_DATA PROVIDED_:
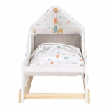 A stylish Nordic-style doll cradle for children aged 3+. It features a stable wooden frame, rocker runners, an easily removable canopy, and reversible gender-neutral bedding. Under the large blanket, dolls and plush toys up to 46 cm can sleep comfortably. Elegant pastel tones and rounded edges fit perfectly into a modern kids’ room.
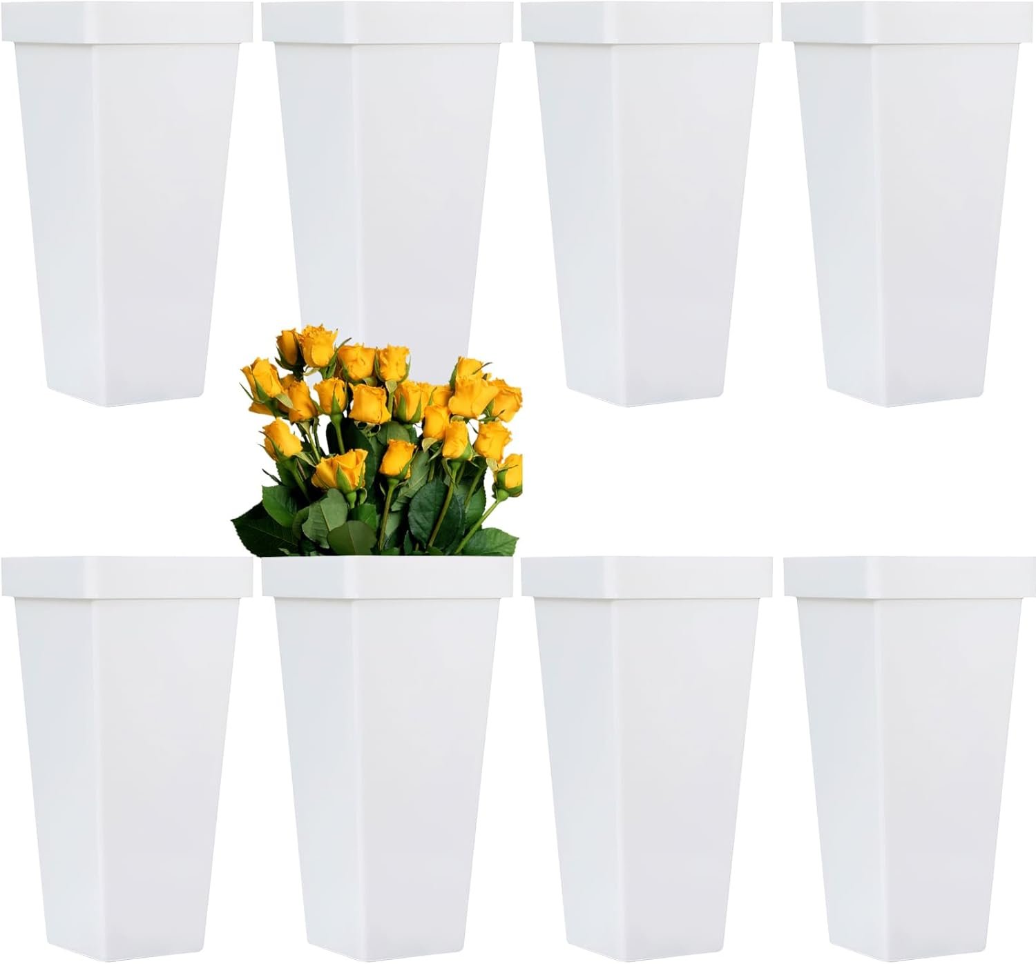 8 Pcs Flower Buckets for Cut Flowers, 13.4 Inch Plastic Floral Buckets Modern Square Vases for Centerpieces Display Decorative Plastic Vases for Home Office Wedding Decor, White
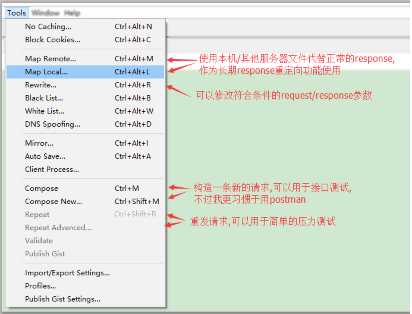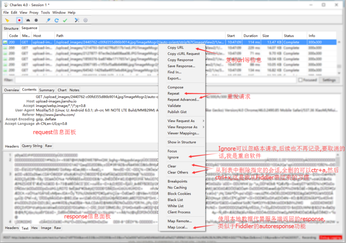 常用的功能在图上已经有注释,不多说,感觉Chales的右键功能比Fiddler多一点,简单看几个:
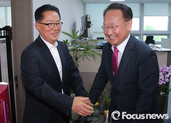 한편, 박 원내대표에 이어 유 부총리와 만난 장병완 국민의당 정책위의장은 보건의료분야 포함 여부를 놓고 여야가 대립하고 있는 서비스산업발전법에 대해 "아예 제정이 안 되는 것보다 (보건의료를) 빼고서라도 일단 제정하는 게 진일보라고 생각해야하지 않겠나"라며 절충안을 제시하기도 했다.(서울=포커스뉴스) 박지원(왼쪽) 국민의당 원내대표가 29일 오전 서울 여의도 국회 의원회관에서 경제활성화법안 등 처리 요청을 위해 방문한 유일호 경제부총리 겸 기획재정부 장관과 면담에 앞서 인사하고 있다. 2016.04.29 박동욱 기자
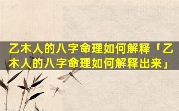 2、乙木 🦟 人的八字命理如何解 🐧 释出来
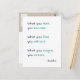 "What you think, you become. What you feel, you attract. What you imagine, you create." True wisdom by Gautam Buddha - a quote on life's truth about you, a quote to help you understand you & your life, better; a quote on your reality. Featured here on a cool custom postcard with your custom message / note in the back in elegant faux gold script / typography. Simply type in your message / note, to personalize. Makes a great gift for friends & family, for graduation, birthday, christmas, holidays, new years, and more.
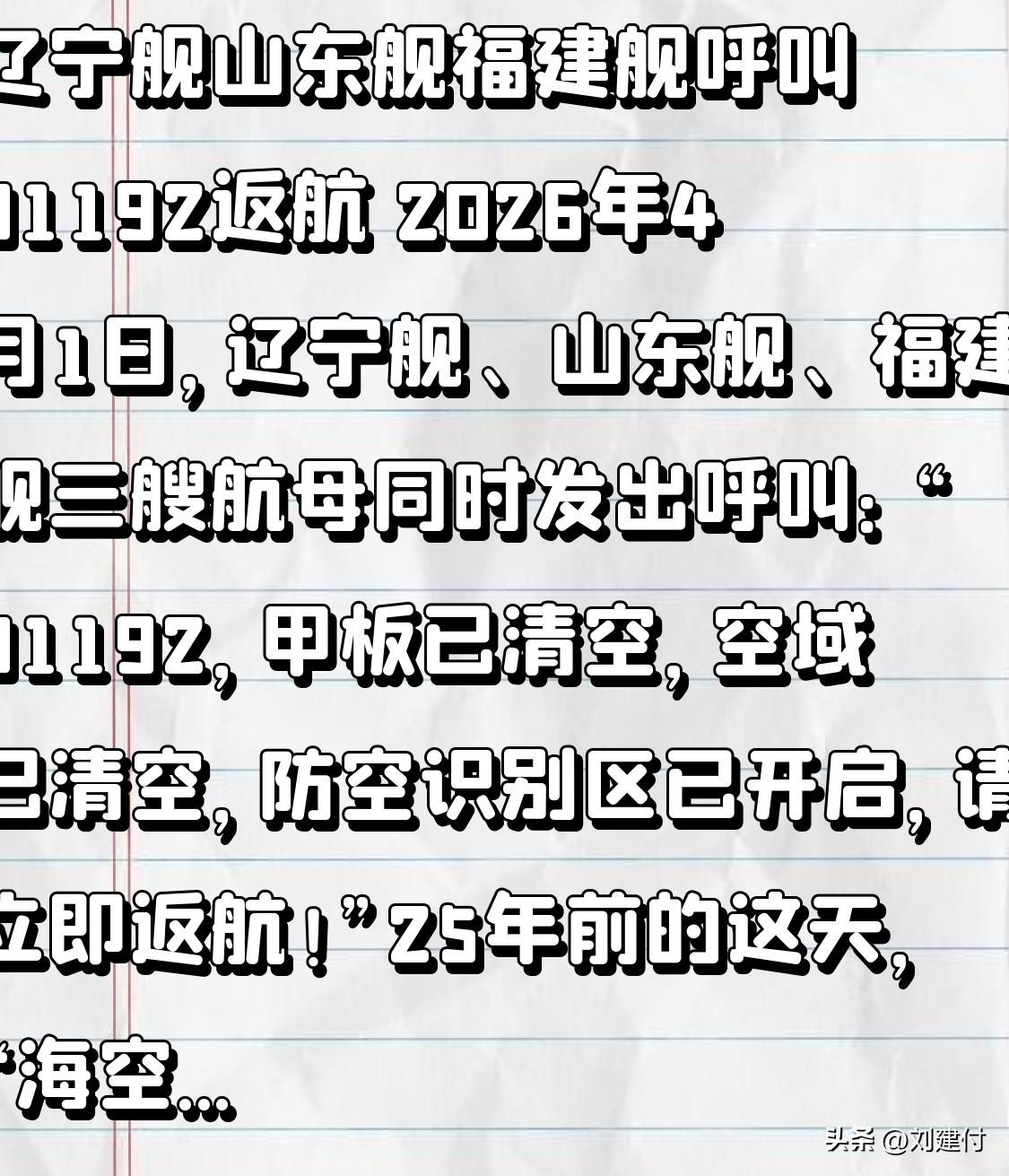 辽宁舰山东舰福建舰呼叫81192返航 辽宁舰、山东舰、福建舰呼叫81192返航 2026年4月1日,辽宁舰、山东舰、福建舰三艘航母同时发出呼叫:“81192,甲板清空,空域清空,防空识别区开启,请立即返航!” 25年前的这天,“海空卫士”王伟驾驶编号81192的战机拦截美军侦察机,被撞后跳伞坠海,壮烈牺牲。那时中国尚无航母,海空力量薄弱。 如今,从辽宁舰服役到福建舰入列,舰载机能从航母上起飞。王伟生前手绘的《夙愿》已然成真。这声呼叫,是对英雄的告慰,告知英雄他用生命捍卫的海空如今足够强大,他守护过的领空,由我们继续守护。 81192,不只是编号,更是时代的注脚。英雄,欢迎回家!

_WHAT YOU HAVE TO DO_:
All of the entries above should be retyped exactly, with the pictures left out.

_THE COMPLETED TASK_:
 A stylish Nordic-style doll cradle for children aged 3+. It features a stable wooden frame, rocker runners, an easily removable canopy, and reversible gender-neutral bedding. Under the large blanket, dolls and plush toys up to 46 cm can sleep comfortably. Elegant pastel tones and rounded edges fit perfectly into a modern kids’ room.
 8 Pcs Flower Buckets for Cut Flowers, 13.4 Inch Plastic Floral Buckets Modern Square Vases for Centerpieces Display Decorative Plastic Vases for Home Office Wedding Decor, White
 常用的功能在图上已经有注释,不多说,感觉Chales的右键功能比Fiddler多一点,简单看几个:
 한편, 박 원내대표에 이어 유 부총리와 만난 장병완 국민의당 정책위의장은 보건의료분야 포함 여부를 놓고 여야가 대립하고 있는 서비스산업발전법에 대해 "아예 제정이 안 되는 것보다 (보건의료를) 빼고서라도 일단 제정하는 게 진일보라고 생각해야하지 않겠나"라며 절충안을 제시하기도 했다.(서울=포커스뉴스) 박지원(왼쪽) 국민의당 원내대표가 29일 오전 서울 여의도 국회 의원회관에서 경제활성화법안 등 처리 요청을 위해 방문한 유일호 경제부총리 겸 기획재정부 장관과 면담에 앞서 인사하고 있다. 2016.04.29 박동욱 기자
 2、乙木 🦟 人的八字命理如何解 🐧 释出来
 "What you think, you become. What you feel, you attract. What you imagine, you create." True wisdom by Gautam Buddha - a quote on life's truth about you, a quote to help you understand you & your life, better; a quote on your reality. Featured here on a cool custom postcard with your custom message / note in the back in elegant faux gold script / typography. Simply type in your message / note, to personalize. Makes a great gift for friends & family, for graduation, birthday, christmas, holidays, new years, and more.
 辽宁舰山东舰福建舰呼叫81192返航 辽宁舰、山东舰、福建舰呼叫81192返航 2026年4月1日,辽宁舰、山东舰、福建舰三艘航母同时发出呼叫:“81192,甲板清空,空域清空,防空识别区开启,请立即返航!” 25年前的这天,“海空卫士”王伟驾驶编号81192的战机拦截美军侦察机,被撞后跳伞坠海,壮烈牺牲。那时中国尚无航母,海空力量薄弱。 如今,从辽宁舰服役到福建舰入列,舰载机能从航母上起飞。王伟生前手绘的《夙愿》已然成真。这声呼叫,是对英雄的告慰,告知英雄他用生命捍卫的海空如今足够强大,他守护过的领空,由我们继续守护。 81192,不只是编号,更是时代的注脚。英雄,欢迎回家!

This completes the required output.